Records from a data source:
== Segment start ==
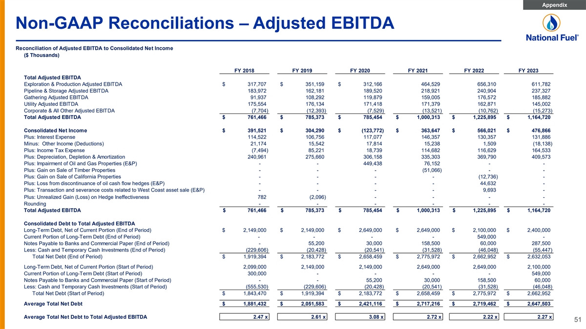 Appendix Non-GAAP Reconciliations – Adjusted EBITDA Reconciliation of Adjusted EBITDA to Consolidated Net Income ($ Thousands) FY 2018 FY 2019 FY 2020 FY 2021 FY 2022 FY 2023 Total Adjusted EBITDA Exploration & Production Adjusted EBITDA $ 317,707 $ 351,159 $ 312,166 464,529 656,310 611,782 Pipeline & Storage Adjusted EBITDA 183,972 162,181 189,520 218,921 240,904 237,327 Gathering Adjusted EBITDA 91,937 108,292 119,879 159,005 176,572 185,882 Utility Adjusted EBITDA 175,554 176,134 171,418 171,379 162,871 145,002 Corporate & All Other Adjusted EBITDA (7,704) (12,393) (7,529) (13,521) (10,762) (15,273) Total Adjusted EBITDA $ 761,466 $ 785,373 $ 785,454 $ 1,000,313 $ 1,225,895 $ 1,164,720 Consolidated Net Income $ 391,521 $ 304,290 $ (123,772) $ 363,647 $ 566,021 $ 476,866 Plus: Interest Expense 114,522 106,756 117,077 146,357 130,357 131,886 Minus: Other Income (Deductions) 21,174 15,542 17,814 15,238 1,509 (18,138) Plus: Income Tax Expense (7,494) 85,221 18,739 114,682 116,629 164,533 Plus: Depreciation, Depletion & Amortization 240,961 275,660 306,158 335,303 369,790 409,573 Plus: Impairment of Oil and Gas Properties (E&P) - - 449,438 76,152 - - Plus: Gain on Sale of Timber Properties - - - (51,066) - - Plus: Gain on Sale of California Properties - - - - (12,736) - Plus: Loss from discontinuance of oil cash flow hedges (E&P) - - - - 44,632 - Plus: Transaction and severance costs related to West Coast asset sale (E&P) - - - - 9,693 - Plus: Unrealized Gain (Loss) on Hedge Ineffectiveness 782 (2,096) - - - - Rounding - - - - - - Total Adjusted EBITDA $ 761,466 $ 785,373 $ 785,454 $ 1,000,313 $ 1,225,895 $ 1,164,720 Consolidated Debt to Total Adjusted EBITDA Long-Term Debt, Net of Current Portion (End of Period) $ 2,149,000 $ 2,149,000 $ 2,649,000 $ 2,649,000 $ 2,100,000 $ 2,400,000 Current Portion of Long-Term Debt (End of Period) - - - - 549,000 - Notes Payable to Banks and Commercial Paper (End of Period) - 55,200 30,000 158,500 60,000 287,500 Less: Cash and Temporary Cash Investments (End of Period) (229,606) (20,428) (20,541) (31,528) (46,048) (55,447) Total Net Debt (End of Period) $ 1,919,394 $ 2,183,772 $ 2,658,459 $ 2,775,972 $ 2,662,952 $ 2,632,053 Long-Term Debt, Net of Current Portion (Start of Period) 2,099,000 2,149,000 2,149,000 2,649,000 2,649,000 2,100,000 Current Portion of Long-Term Debt (Start of Period) 300,000 - - - - 549,000 Notes Payable to Banks and Commercial Paper (Start of Period) - - 55,200 30,000 158,500 60,000 Less: Cash and Temporary Cash Investments (Start of Period) (555,530) (229,606) (20,428) (20,541) (31,528) (46,048) Total Net Debt (Start of Period) $ 1,843,470 $ 1,919,394 $ 2,183,772 $ 2,658,459 $ 2,775,972 $ 2,662,952 Average Total Net Debt $ 1,881,432 $ 2,051,583 $ 2,421,116 $ 2,717,216 $ 2,719,462 $ 2,647,503 Average Total Net Debt to Total Adjusted EBITDA 2.47 x 2.61 x 3.08 x 2.72 x 2.22 x 2.27 x 51
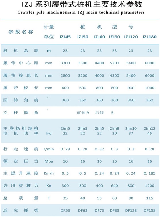 IZJ系列履帶式樁機采取電動履帶式設計,樁機前后有4個液壓支腿,具有行走穩(wěn)定快捷、對樁準確可靠、維修操作簡單等特點。可實現(xiàn)導桿式柴油錘、筒式柴油錘、振動錘、液壓錘、長螺旋鉆機等多種工作設備、多種工法的施工。
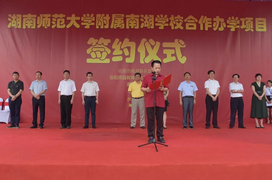 7月1日,湖南师范大学附属南湖学校合作办学项目签约仪式在南湖新区举行,岳阳市南湖新区工委副书记、管委会主任雷欣、湖南师范大学副校长王善平、岳阳师园教育文化管理有限公司董事长俞毅分别代表三方签字。岳阳市领导陈志莲、李为、方争奇及南湖新区工委书记李运帷、岳阳市教体局党组书记、局长王德华等有关部门领导出席。
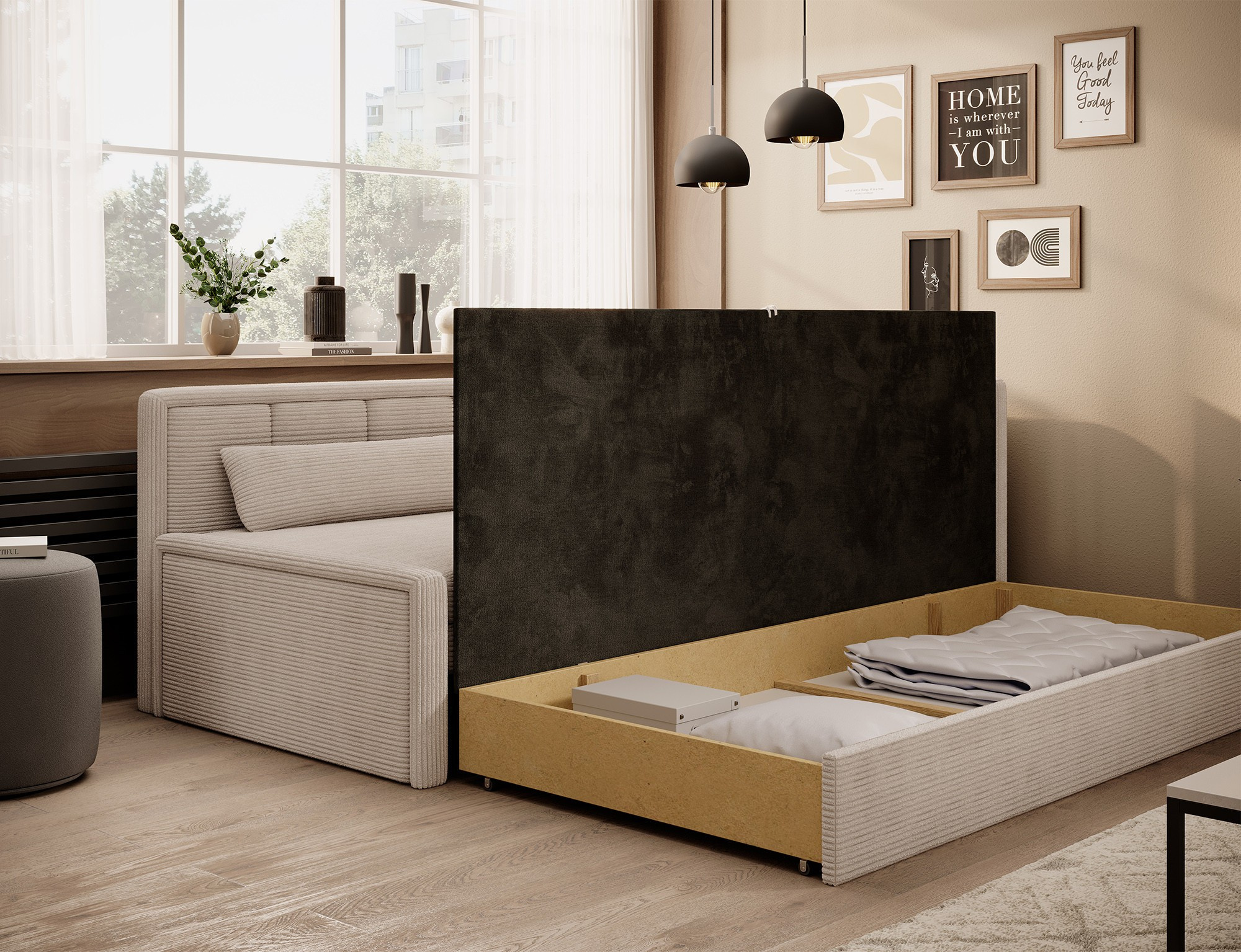 The Fulgeo sofa bed is a solution designed for the demanding, modern user. It offers not only a minimalist and aesthetically pleasing shape but also a functional folding system that allows you to quickly and efficiently transform it into a comfortable bed. This option is perfect for a studio apartment, a living room with a kitchenette, or a youth room. The seat is filled with T2540 polyurethane foam, while the backrest contains T2130 polyurethane foam. It features an easy-to-use sleeping function and a spacious storage compartment for bedding. The lower storage space helps keep textiles organized, making the bed-making process exceptionally smooth. The Fulgeo model is upholstered in an elegant velour fabric with a subtle woven texture that gently shimmers under the light. This material not only boasts a beautiful appearance but also offers high resistance to friction, abrasion, and pilling. Additionally, it does not fade when exposed to light, ensuring that you can enjoy its flawless charm on your new furniture for years to come!
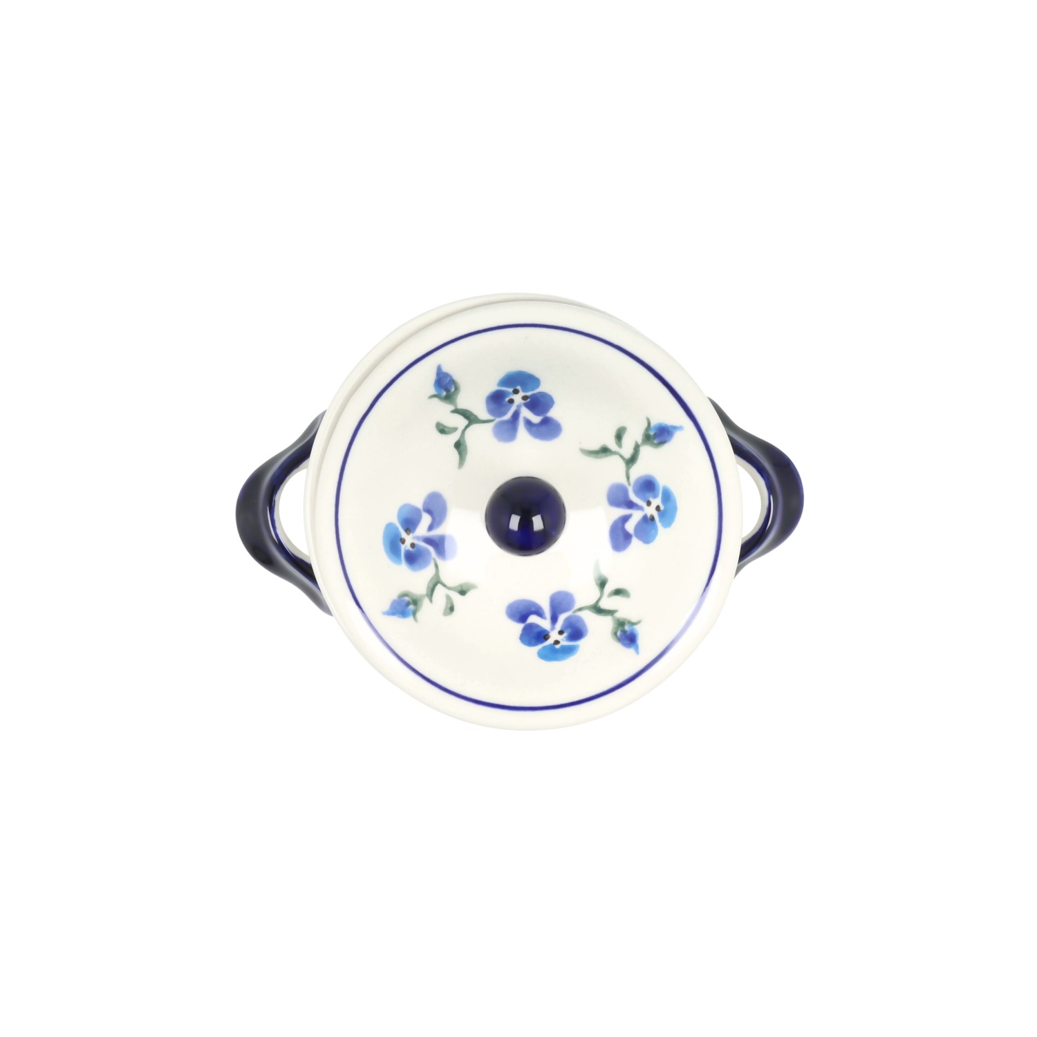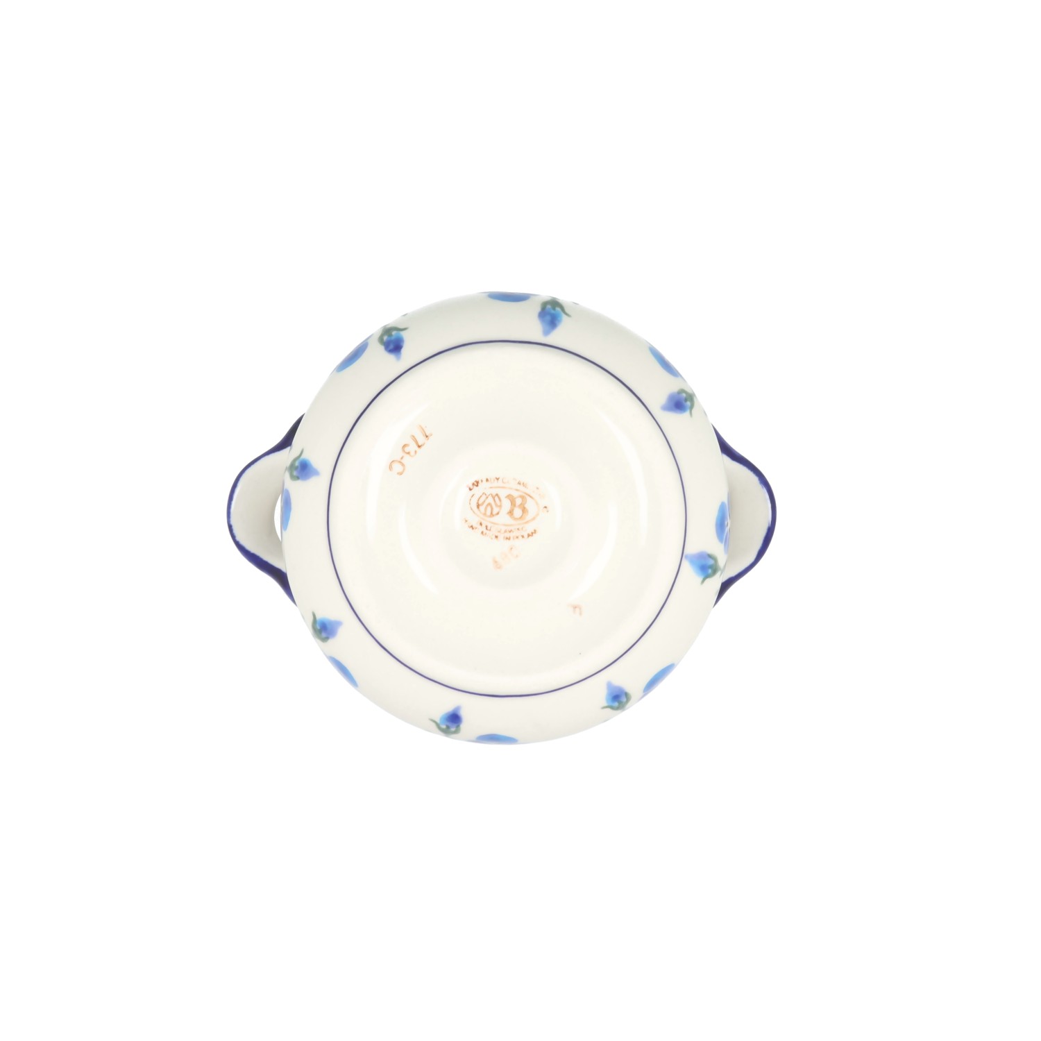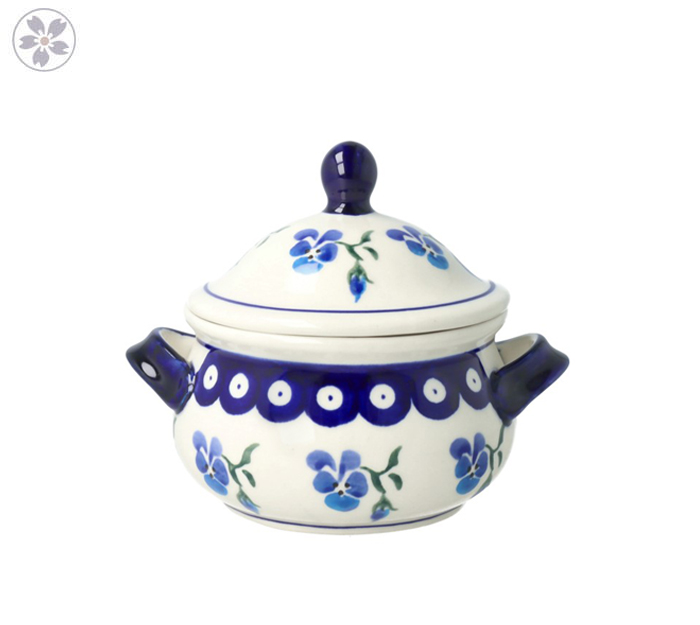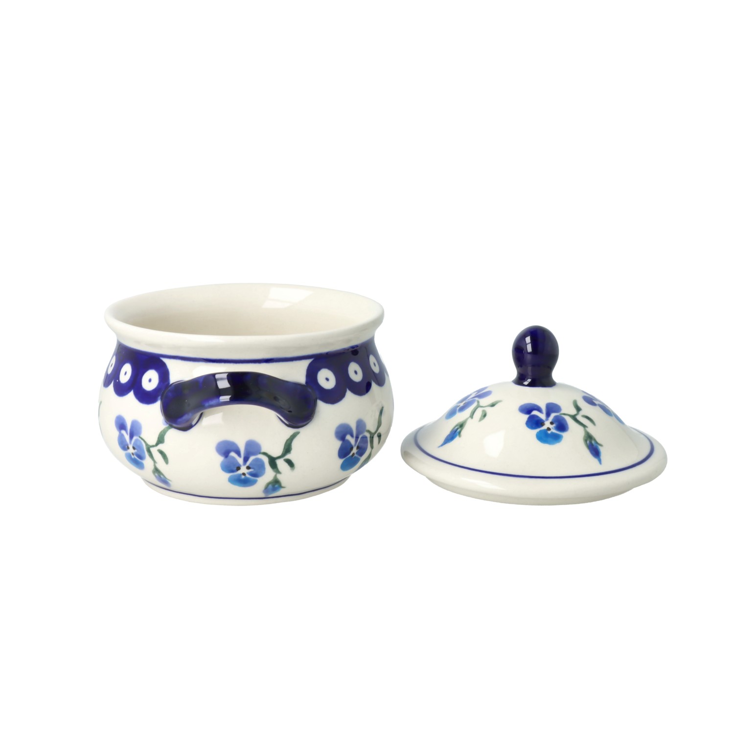 Okrągła cukiernica z otworem na łyżeczkę. Produkt ręcznie formowany i dekorowany w Zakładach Ceramicznych Bolesławiec.
== Segment end ==
The expected output is the lines above from the one containing "IZJ系列履帶式樁機采取電動" to the one containing "7月1日,湖南师范大学附属南", both ends included, reproduced exactly with every picture left out.

 IZJ系列履帶式樁機采取電動履帶式設計,樁機前后有4個液壓支腿,具有行走穩(wěn)定快捷、對樁準確可靠、維修操作簡單等特點。可實現(xiàn)導桿式柴油錘、筒式柴油錘、振動錘、液壓錘、長螺旋鉆機等多種工作設備、多種工法的施工。
 7月1日,湖南师范大学附属南湖学校合作办学项目签约仪式在南湖新区举行,岳阳市南湖新区工委副书记、管委会主任雷欣、湖南师范大学副校长王善平、岳阳师园教育文化管理有限公司董事长俞毅分别代表三方签字。岳阳市领导陈志莲、李为、方争奇及南湖新区工委书记李运帷、岳阳市教体局党组书记、局长王德华等有关部门领导出席。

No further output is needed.